T7 Hochleistungs-Transkription-Kit für RNA-Synthese

Spezifikation: 50t.
Verfügbarkeitsstatus:
  • G3021-50T.
  • Servicebio
  • ServiceBio.

Produktbeschreibung

G3021-50T.

Produkteinführung

Dieses Kit verwendet T7-RNA-Polymerase, um ein linearisiertes Plasmid-DNA, ein PCR-Produkt oder synthetische DNA, das einen T7-Promotor enthält, zudet, und die Synthese von RNA wird in vitro transkribiert. Dieses Kit optimiert das RNA in vitro transkriptionales Reaktionssystem, das einfach schnell eine große Anzahl von RNA-Molekülen erhalten kann. Wenn das modifizierte Nukleotid in dem Substrat zugegeben wird, kann das reaktive Nukleotid hergestellt werden, und RNA-markierte RNA kann hergestellt werden. Dieses Kit wird hauptsächlich in der In-vitro-Übersetzung, dem RNase-Schutz-Experiment, des Hybridsonden-Tags, der RNA-Schere und anderer biologischer Experimente verwendet. Ein Vorlageeintrag von 1 μg in das Reaktionssystem kann eine RNA mit einer RNA als 100 μg erzeugen, die zur Herstellung von RNA-Länge 100 bis 5000 NT geeignet ist.

Lagerung und Transport

Transport mit nassem Eis; Lagerung bei -20 ° C, gültig für 12 Monate.

Schritte

1. Vorlagevorbereitung:

A. Verwenden Sie das Plasmid des T7-Promotors als Vorlage: Um RNA einer spezifischen Länge zu erhalten, muss die Plasmidvorlage vollständig linearisiert sein (es muss als Vorlage gereinigt werden), und das linearisierte Plasmid sollte sicherstellen, dass die doppelten Stränge sind stumpfe Enden oder 5'overhangs (vermeiden Sie 3'''EVerhangs), der empfohlene Templatbetrag für jede Reaktion beträgt 1 μg;

B. Verwenden Sie das PCR-Produkt des T7-Promotors oder das synthetisierte DNA-Fragment als Vorlage: Wenn die PCR ampliziert, dass die Vorlage den T7-Promotor (5'-taatacgactcactataggg-3 ') an den 5'END des nicht-codierenden Strangprimers hinzufügen. PCR-Produkte können direkt als Transkriptionsvorlagen ohne Reinigung verwendet werden, aber nach der Reinigung wird mehr RNA erzeugt. Die empfohlene Templatmenge für jede Reaktion beträgt etwa 0,5 μg.

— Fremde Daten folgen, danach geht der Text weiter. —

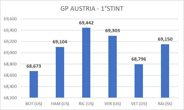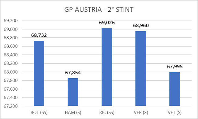 Interessante notare che nella giornata odierna i gap tra le tre mescole, UltraSoft, SuperSoft e Soft, portate in Austria dalla Pirelli erano molto ridotti, quasi nulli, con la più morbida delle tre (la UltraSoft) che ha dato parecchi problemi di sfruttamento a tutti i sei Top Driver. Quanto scritto è ben chiaro nella tabella postata sopra dove con le celle gialle siamo andati a indicare i Best Sectors fatti segnare con una mescola differente dalla "morbidissima" UltraSoft. Prendendo come esempio le W09, con la "viola" sono diventate tutte d'un tratto molto sottosterzanti pagando dazio nell'ultimo settore, composto da curve dove la precisione dell'anteriore è fondamentale per fare il tempo. Secondo Pirelli nella giornata di domani, grazie all'evoluzione della pista, i gap tra le tre mescole dovrebbero comunque aumentare.
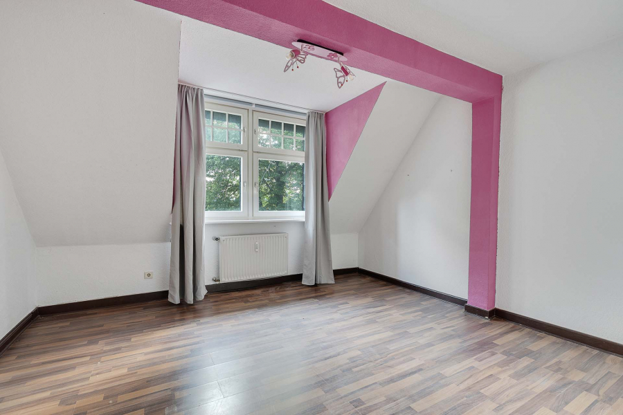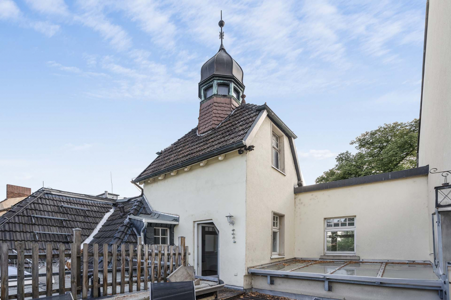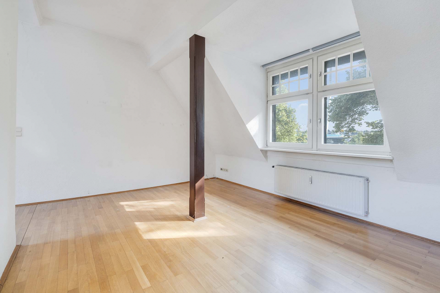 Im Dachgeschoss präsentiert sich eine schnuckelige 109 m² große Wohnung mit gemütlichen Dachschrägen und teilweise Sichtbalken. Die Wohnung wird mit einer kleinen Dachterrasse mit Blick auf das hauseigene Türmchen belohnt.
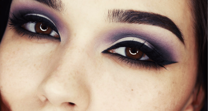 Рассмотрим вариант макияжа фиолетового оттенка:

2. Transkriptionsreaktion: Fügen Sie gemäß dem empfohlenen Reaktionssystem in der Tabelle verschiedene Reagenzien in den sauberen EP-Röhrchen hinzu, mischen Sie gut und reagieren Sie 2 Stunden bei 37 ° C. (Wenn Sie RNA weniger als 300 NT synthetisieren, wird empfohlen, die Reaktionszeit auf 4 h oder länger zu verlängern).

Komponente

Volumen

Schablone

0,5-1 μg

5 × T7-Transkriptionsreaktionspuffer

4 μl.

25 mm NTP-Mix

2 μl.

T7 RNA-Transkription-Enzym-Mix

4 μl.

Nuklease freies Wasser

Bis 20 μl.

3. Nachdem die Reaktion abgeschlossen ist, fügen Sie 1 μl DNase I an das System hinzu und reagieren Sie 15 Minuten bei 37 ° C, um die transkribierte DNA-Vorlage zu verdauen.

4. Die synthetisierte RNA kann in nachgelagerten Experimenten nach der Elektrophoreseanalyse und -reinigung verwendet werden.

5. Quantifizierung und Erkennung von Transkriptionsprodukten: Die Konzentration von RNA kann durch ultraviolettes Absorptionsverfahren bestimmt werden (freie Nukleotide wirken sich auf die Genauigkeit der Quantifizierung aus, RNA-Produkte müssen gereinigt); Die Elektrophoreseerkennung wird empfohlen, um 1% iger Formaldehyd-Agarose-Denaturiergelanzung zu verwenden, Elektrophorese-Lösung ist 1 × MOPS-Puffer (10 × MOPS-Puffer: 0,4 M MOPS, pH 7,0, 0,1 M Natriumacetat, 10 mm EDTA). GEL-Zubereitungsmethode: Wiegen Sie 0,5 g Agarose in 36 ml RNase-freies Wasser, Wärme, um zu schmelzen, und fügen Sie 5 ml 10 × MOPS-Puffer hinzu. Wenn die Lösung nicht heiß gekühlt wird, fügen Sie 9 ml Formaldehydelösung (37%) hinzu, mischen Sie gut und gießen Sie den Kleber. Bei der Elektrophoreseerkennung mischen Sie eine geeignete RNA-Menge an RNA mit RNA-Ladepuffer, inkubieren Sie 10 Minuten lang bei 70 ° C, dann das Eisbad für 2 Minuten, und erkennen Sie alle Proben. Flecken nach der Elektrophorese mit EB oder Abstand (G3606) zur Beobachtung.

Vorsichtsmaßnahmen

1. Die Oberfläche der menschlichen Haut ist reich an RNase. Bitte tragen Sie experimentelle Handschuhe und Masken beim Experimentieren. Die experimentellen Verbrauchsmaterialien sind steril und enzymfrei, um die Kontamination von RNase zu verhindern.

2. Wenn Sie markierte RNA vorbereiten müssen, ersetzen Sie bitte den NTP-Mix in das Kit.

3. Die Transkriptionslänge der Steuervorlage im Kit beträgt 500 NT.

4. Tragen Sie für Ihre Sicherheit und Gesundheit Labormäntel und Einweghandschuhe für den Betrieb.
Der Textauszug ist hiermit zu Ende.